BEGIN MATERIAL FOR THIS EXERCISE

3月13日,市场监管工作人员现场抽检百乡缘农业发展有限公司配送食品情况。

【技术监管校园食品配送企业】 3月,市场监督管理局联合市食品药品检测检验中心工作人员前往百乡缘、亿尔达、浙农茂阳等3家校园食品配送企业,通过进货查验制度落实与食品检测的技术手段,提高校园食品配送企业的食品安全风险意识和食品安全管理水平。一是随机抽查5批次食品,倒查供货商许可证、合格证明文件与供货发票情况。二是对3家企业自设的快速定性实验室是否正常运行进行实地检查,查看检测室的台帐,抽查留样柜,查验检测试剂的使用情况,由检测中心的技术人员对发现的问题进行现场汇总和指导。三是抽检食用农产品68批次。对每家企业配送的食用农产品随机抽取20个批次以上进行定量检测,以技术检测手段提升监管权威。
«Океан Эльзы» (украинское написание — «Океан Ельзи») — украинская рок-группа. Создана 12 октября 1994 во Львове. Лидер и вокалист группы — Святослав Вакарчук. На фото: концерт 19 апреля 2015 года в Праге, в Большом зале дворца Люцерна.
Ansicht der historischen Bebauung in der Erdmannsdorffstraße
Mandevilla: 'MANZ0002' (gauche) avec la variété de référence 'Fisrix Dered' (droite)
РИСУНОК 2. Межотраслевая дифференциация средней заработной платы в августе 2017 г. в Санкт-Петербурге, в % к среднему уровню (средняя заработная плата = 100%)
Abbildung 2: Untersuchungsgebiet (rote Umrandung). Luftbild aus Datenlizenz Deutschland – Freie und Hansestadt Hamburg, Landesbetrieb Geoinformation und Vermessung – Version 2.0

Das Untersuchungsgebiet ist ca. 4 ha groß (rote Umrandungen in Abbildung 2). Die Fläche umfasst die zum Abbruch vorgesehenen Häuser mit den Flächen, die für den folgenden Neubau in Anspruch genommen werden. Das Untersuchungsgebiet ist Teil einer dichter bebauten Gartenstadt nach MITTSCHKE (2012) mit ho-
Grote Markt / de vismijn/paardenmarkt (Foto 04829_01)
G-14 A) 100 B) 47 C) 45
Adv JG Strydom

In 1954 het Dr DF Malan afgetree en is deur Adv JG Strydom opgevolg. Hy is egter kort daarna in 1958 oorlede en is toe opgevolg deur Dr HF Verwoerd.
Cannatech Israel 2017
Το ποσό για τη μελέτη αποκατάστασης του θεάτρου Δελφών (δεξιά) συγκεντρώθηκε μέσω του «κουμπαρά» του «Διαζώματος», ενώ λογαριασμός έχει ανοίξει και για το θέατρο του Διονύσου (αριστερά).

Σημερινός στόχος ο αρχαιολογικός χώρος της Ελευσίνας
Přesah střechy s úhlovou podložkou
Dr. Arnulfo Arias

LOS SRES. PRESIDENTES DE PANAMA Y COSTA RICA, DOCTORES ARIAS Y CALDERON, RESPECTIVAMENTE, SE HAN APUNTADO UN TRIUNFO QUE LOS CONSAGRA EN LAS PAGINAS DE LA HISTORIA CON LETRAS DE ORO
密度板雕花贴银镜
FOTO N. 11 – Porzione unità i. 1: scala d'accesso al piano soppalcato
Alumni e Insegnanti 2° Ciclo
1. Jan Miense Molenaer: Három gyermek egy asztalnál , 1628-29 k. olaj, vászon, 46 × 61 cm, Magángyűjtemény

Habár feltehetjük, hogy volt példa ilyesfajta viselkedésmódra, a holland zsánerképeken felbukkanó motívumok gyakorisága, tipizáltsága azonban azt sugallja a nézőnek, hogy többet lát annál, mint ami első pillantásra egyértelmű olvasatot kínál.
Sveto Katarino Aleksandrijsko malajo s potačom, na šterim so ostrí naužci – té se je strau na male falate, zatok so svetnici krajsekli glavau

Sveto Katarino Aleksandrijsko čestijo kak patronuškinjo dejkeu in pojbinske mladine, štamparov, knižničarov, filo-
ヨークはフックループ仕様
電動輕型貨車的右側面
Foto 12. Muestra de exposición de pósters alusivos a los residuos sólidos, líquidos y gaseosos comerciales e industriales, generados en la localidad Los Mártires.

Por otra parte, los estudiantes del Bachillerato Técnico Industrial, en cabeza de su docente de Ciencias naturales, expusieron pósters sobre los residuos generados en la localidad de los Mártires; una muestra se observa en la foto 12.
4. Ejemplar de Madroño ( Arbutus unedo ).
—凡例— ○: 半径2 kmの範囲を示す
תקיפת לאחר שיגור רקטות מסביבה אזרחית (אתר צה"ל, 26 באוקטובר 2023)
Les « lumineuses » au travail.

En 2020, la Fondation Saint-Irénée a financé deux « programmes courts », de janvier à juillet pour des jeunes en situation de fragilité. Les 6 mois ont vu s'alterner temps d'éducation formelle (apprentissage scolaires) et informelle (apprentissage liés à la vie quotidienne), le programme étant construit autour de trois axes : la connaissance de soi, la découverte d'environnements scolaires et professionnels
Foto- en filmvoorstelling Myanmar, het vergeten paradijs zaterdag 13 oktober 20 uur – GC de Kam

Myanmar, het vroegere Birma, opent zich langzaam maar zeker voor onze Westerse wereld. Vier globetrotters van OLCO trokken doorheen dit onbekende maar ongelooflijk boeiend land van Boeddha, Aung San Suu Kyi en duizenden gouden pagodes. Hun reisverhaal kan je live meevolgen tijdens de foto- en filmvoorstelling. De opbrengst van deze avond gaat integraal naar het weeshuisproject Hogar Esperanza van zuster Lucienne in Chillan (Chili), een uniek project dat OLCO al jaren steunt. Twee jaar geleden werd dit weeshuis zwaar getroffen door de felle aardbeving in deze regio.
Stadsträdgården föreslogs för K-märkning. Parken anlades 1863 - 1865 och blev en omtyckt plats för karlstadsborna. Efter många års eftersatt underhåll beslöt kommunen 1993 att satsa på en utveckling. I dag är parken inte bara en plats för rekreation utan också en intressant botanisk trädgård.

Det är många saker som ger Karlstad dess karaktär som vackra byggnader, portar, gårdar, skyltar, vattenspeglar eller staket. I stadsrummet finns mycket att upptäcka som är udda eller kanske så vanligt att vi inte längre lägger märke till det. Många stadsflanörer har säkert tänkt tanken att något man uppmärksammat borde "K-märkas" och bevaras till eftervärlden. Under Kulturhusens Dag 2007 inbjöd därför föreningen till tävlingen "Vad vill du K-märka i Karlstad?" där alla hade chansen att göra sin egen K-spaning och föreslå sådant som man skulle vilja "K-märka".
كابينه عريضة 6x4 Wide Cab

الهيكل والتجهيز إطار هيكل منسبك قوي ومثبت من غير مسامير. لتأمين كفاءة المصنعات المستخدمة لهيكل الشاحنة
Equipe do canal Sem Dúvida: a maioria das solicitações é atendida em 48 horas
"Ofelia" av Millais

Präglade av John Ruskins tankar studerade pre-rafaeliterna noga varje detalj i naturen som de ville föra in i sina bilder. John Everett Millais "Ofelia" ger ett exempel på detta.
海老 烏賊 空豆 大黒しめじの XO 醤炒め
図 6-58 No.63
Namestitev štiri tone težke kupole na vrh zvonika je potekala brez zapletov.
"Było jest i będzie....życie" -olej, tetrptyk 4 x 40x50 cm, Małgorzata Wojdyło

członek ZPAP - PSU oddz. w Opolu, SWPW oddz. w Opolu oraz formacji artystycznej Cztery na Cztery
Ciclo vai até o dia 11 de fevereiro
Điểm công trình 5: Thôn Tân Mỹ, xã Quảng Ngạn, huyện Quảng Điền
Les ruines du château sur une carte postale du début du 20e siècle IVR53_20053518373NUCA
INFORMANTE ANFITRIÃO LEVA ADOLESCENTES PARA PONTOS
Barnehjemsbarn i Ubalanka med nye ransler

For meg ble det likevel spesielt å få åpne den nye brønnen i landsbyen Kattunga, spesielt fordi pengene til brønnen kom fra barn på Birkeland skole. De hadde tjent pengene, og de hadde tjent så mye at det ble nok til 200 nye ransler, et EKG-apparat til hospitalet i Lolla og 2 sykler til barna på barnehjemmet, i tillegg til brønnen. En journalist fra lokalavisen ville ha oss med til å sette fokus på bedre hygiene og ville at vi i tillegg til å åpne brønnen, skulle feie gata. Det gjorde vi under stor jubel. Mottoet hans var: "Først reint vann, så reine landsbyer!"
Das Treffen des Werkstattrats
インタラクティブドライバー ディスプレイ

END MATERIAL FOR THIS EXERCISE

## TASK GOAL:
The response must consist solely of the lines from the first line of the entries through the line containing "Σημερινός στόχος ο", repeated exactly.

## TASK SOLUTION:
3月13日,市场监管工作人员现场抽检百乡缘农业发展有限公司配送食品情况。

【技术监管校园食品配送企业】 3月,市场监督管理局联合市食品药品检测检验中心工作人员前往百乡缘、亿尔达、浙农茂阳等3家校园食品配送企业,通过进货查验制度落实与食品检测的技术手段,提高校园食品配送企业的食品安全风险意识和食品安全管理水平。一是随机抽查5批次食品,倒查供货商许可证、合格证明文件与供货发票情况。二是对3家企业自设的快速定性实验室是否正常运行进行实地检查,查看检测室的台帐,抽查留样柜,查验检测试剂的使用情况,由检测中心的技术人员对发现的问题进行现场汇总和指导。三是抽检食用农产品68批次。对每家企业配送的食用农产品随机抽取20个批次以上进行定量检测,以技术检测手段提升监管权威。
«Океан Эльзы» (украинское написание — «Океан Ельзи») — украинская рок-группа. Создана 12 октября 1994 во Львове. Лидер и вокалист группы — Святослав Вакарчук. На фото: концерт 19 апреля 2015 года в Праге, в Большом зале дворца Люцерна.
Ansicht der historischen Bebauung in der Erdmannsdorffstraße
Mandevilla: 'MANZ0002' (gauche) avec la variété de référence 'Fisrix Dered' (droite)
РИСУНОК 2. Межотраслевая дифференциация средней заработной платы в августе 2017 г. в Санкт-Петербурге, в % к среднему уровню (средняя заработная плата = 100%)
Abbildung 2: Untersuchungsgebiet (rote Umrandung). Luftbild aus Datenlizenz Deutschland – Freie und Hansestadt Hamburg, Landesbetrieb Geoinformation und Vermessung – Version 2.0

Das Untersuchungsgebiet ist ca. 4 ha groß (rote Umrandungen in Abbildung 2). Die Fläche umfasst die zum Abbruch vorgesehenen Häuser mit den Flächen, die für den folgenden Neubau in Anspruch genommen werden. Das Untersuchungsgebiet ist Teil einer dichter bebauten Gartenstadt nach MITTSCHKE (2012) mit ho-
Grote Markt / de vismijn/paardenmarkt (Foto 04829_01)
G-14 A) 100 B) 47 C) 45
Adv JG Strydom

In 1954 het Dr DF Malan afgetree en is deur Adv JG Strydom opgevolg. Hy is egter kort daarna in 1958 oorlede en is toe opgevolg deur Dr HF Verwoerd.
Cannatech Israel 2017
Το ποσό για τη μελέτη αποκατάστασης του θεάτρου Δελφών (δεξιά) συγκεντρώθηκε μέσω του «κουμπαρά» του «Διαζώματος», ενώ λογαριασμός έχει ανοίξει και για το θέατρο του Διονύσου (αριστερά).

Σημερινός στόχος ο αρχαιολογικός χώρος της Ελευσίνας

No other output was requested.